Avec l’utilisation d’engrais de synthèse, de pesticides, d’insecticides pour améliorer la productivité, l’agriculture intensive et l’élevage ont participé à l’augmentation de la pollution des eaux. Aujourd’hui, on trouve des résidus de pesticides dans les eaux souterraines, de surface et de pluie !

L’irrigation des terres est pourtant cruciale pour nourrir l’humanité. Il va donc falloir produire plus en utilisant beaucoup moins d’eau.

La mécanisation de l’agriculture est un des éléments qui a permis d’augmenter la productivité depuis la moitié du XXe siècle. Mais pour faire fonctionner les tracteurs, moissonneuses-batteuses, chauffer les serres et les bâtiments d’élevage, il faut de l’énergie. Nous utilisons également beaucoup d’énergie pour fabriquer des engrais qui sont largement utilisés dans l’agriculture.

Aujourd’hui, cette énergie est essentiellement fournie par le pétrole. Or, cette ressource s’épuise…

En savoir plus avec notre infographie

 

Des modes de consommation des pays riches demandant beaucoup de ressources et d’énergie

Les habitudes alimentaires des populations des pays riches demandent beaucoup de ressources et consomment beaucoup d’énergie.

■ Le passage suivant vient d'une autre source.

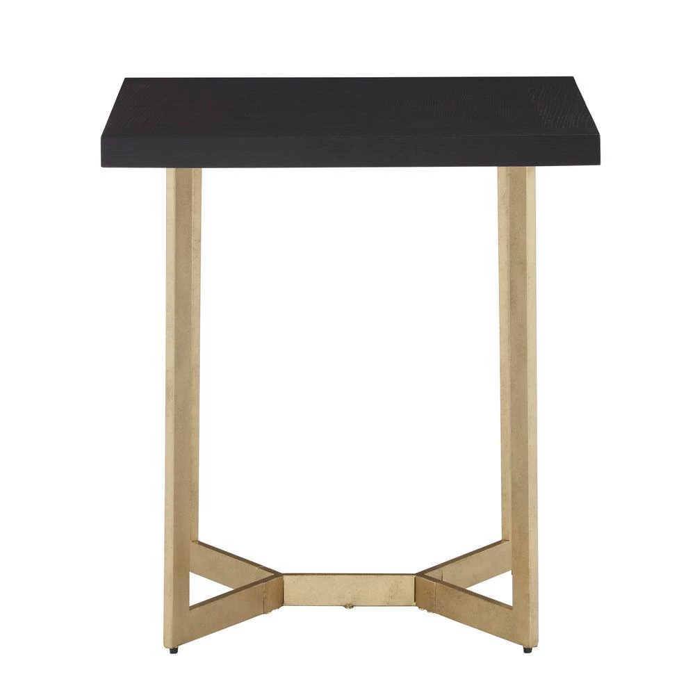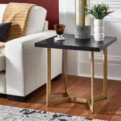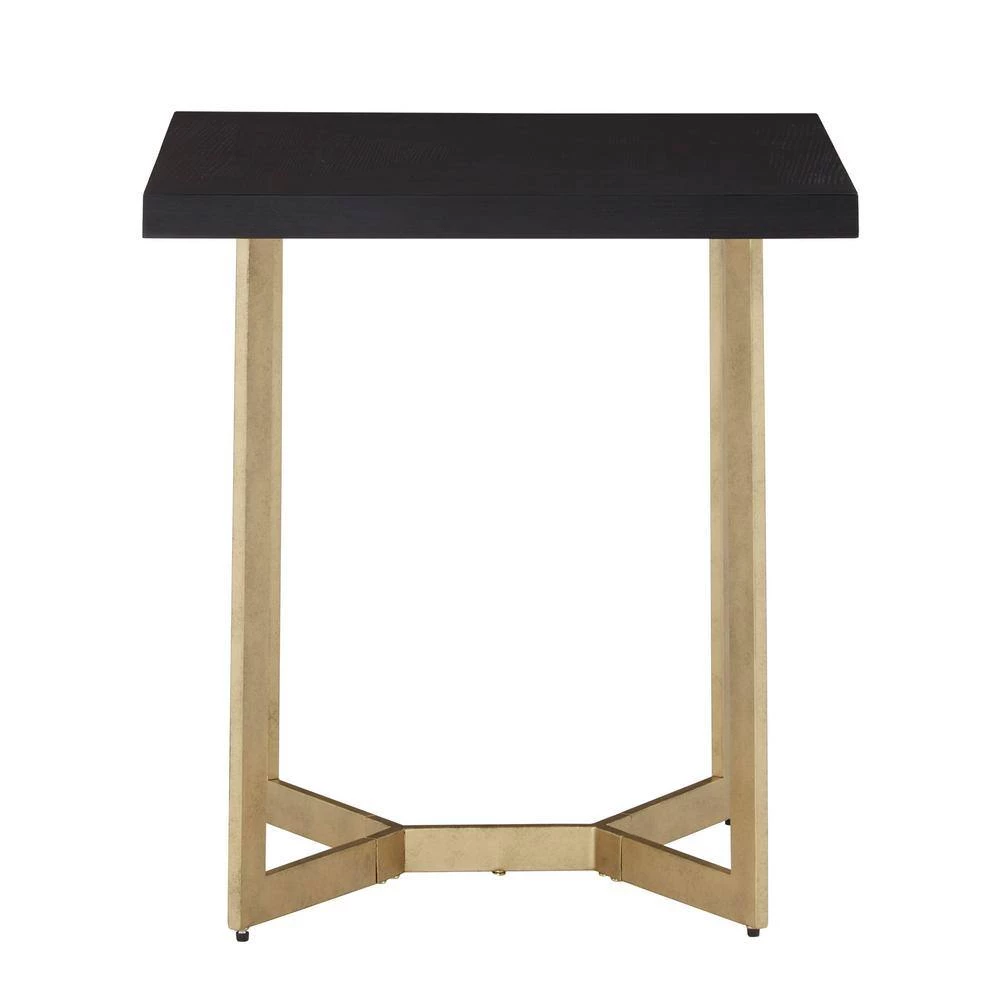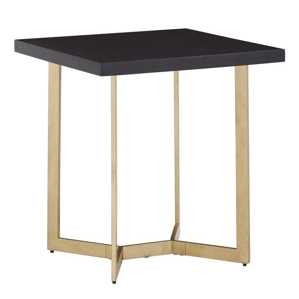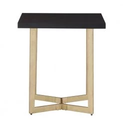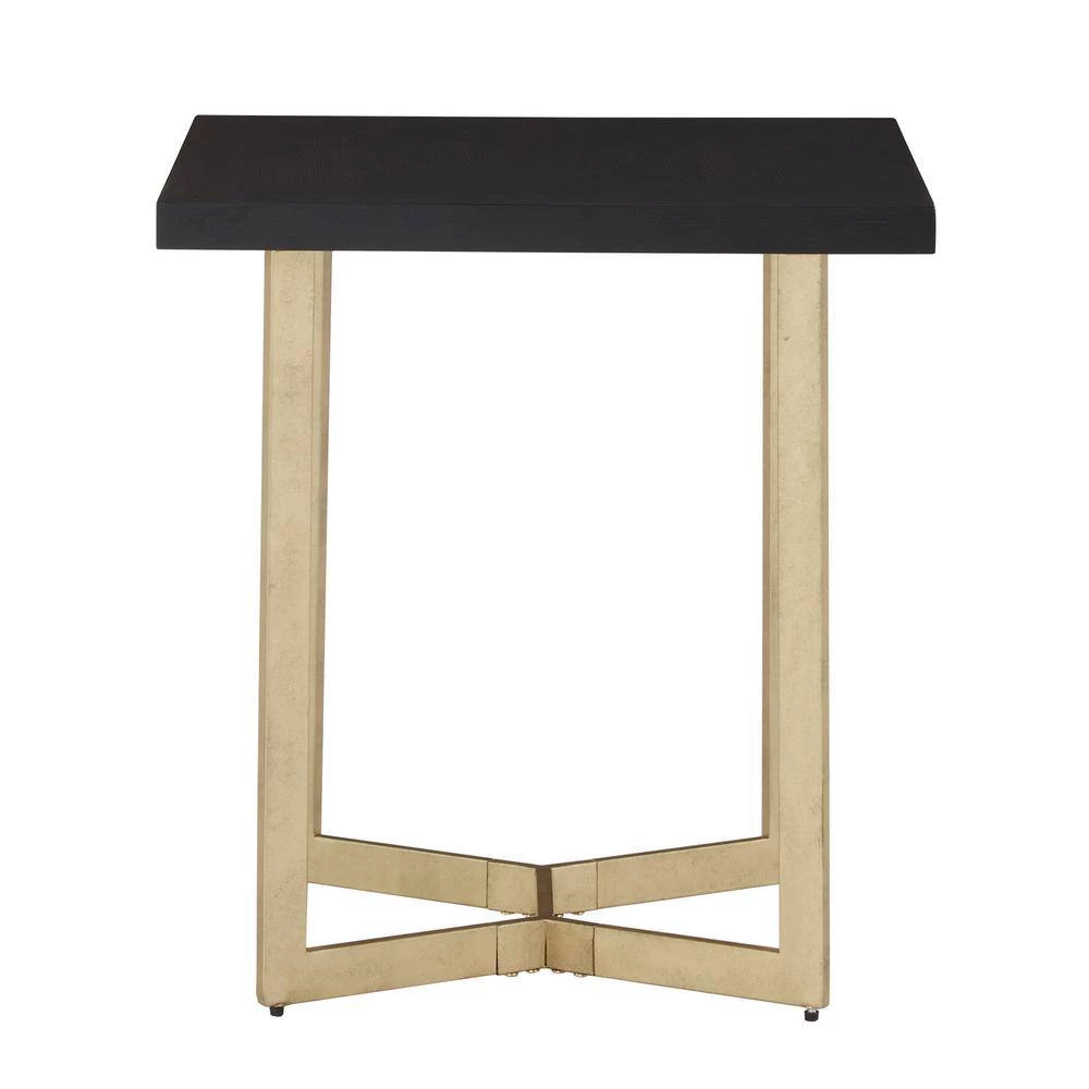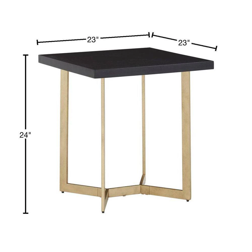 The Marquis Black and Gold Metal Base End Table updates your living room in stylish and bold fashion. Showcasing show-stopping design, this luxurious end table works great in modern or glam-inspired settings. This piece is constructed from pine and metal for long-lasting durability. A shiny gold metal base stunningly contrasts black wooden table tops for striking appeal. The black table top features a diamond-like inlay design for some lovely rustic flair.

En France, notre alimentation a beaucoup évolué depuis 50 ans. Or ces évolutions des modes d’alimentation ne sont pas sans impact sur l’environnement.

Dans nos sociétés occidentales favorisées par la mondialisation, nous sommes également habitués à pouvoir consommer tous les types d’aliments tout le temps, quelle que soit leur provenance, ce qui n’est pas sans impact sur l’environnement (principalement en termes d’émissions de gaz à effet de serre).

Prenons l’exemple avec les fruits et légumes. Hors saison, les fruits et légumes ont dû pousser sous des serres chauffées ou être importés de loin par bateau ou par avion. Transportés par voie aérienne, ils consomment alors 10 à 20 fois plus de pétrole que le même fruit ou légume produit localement en saison.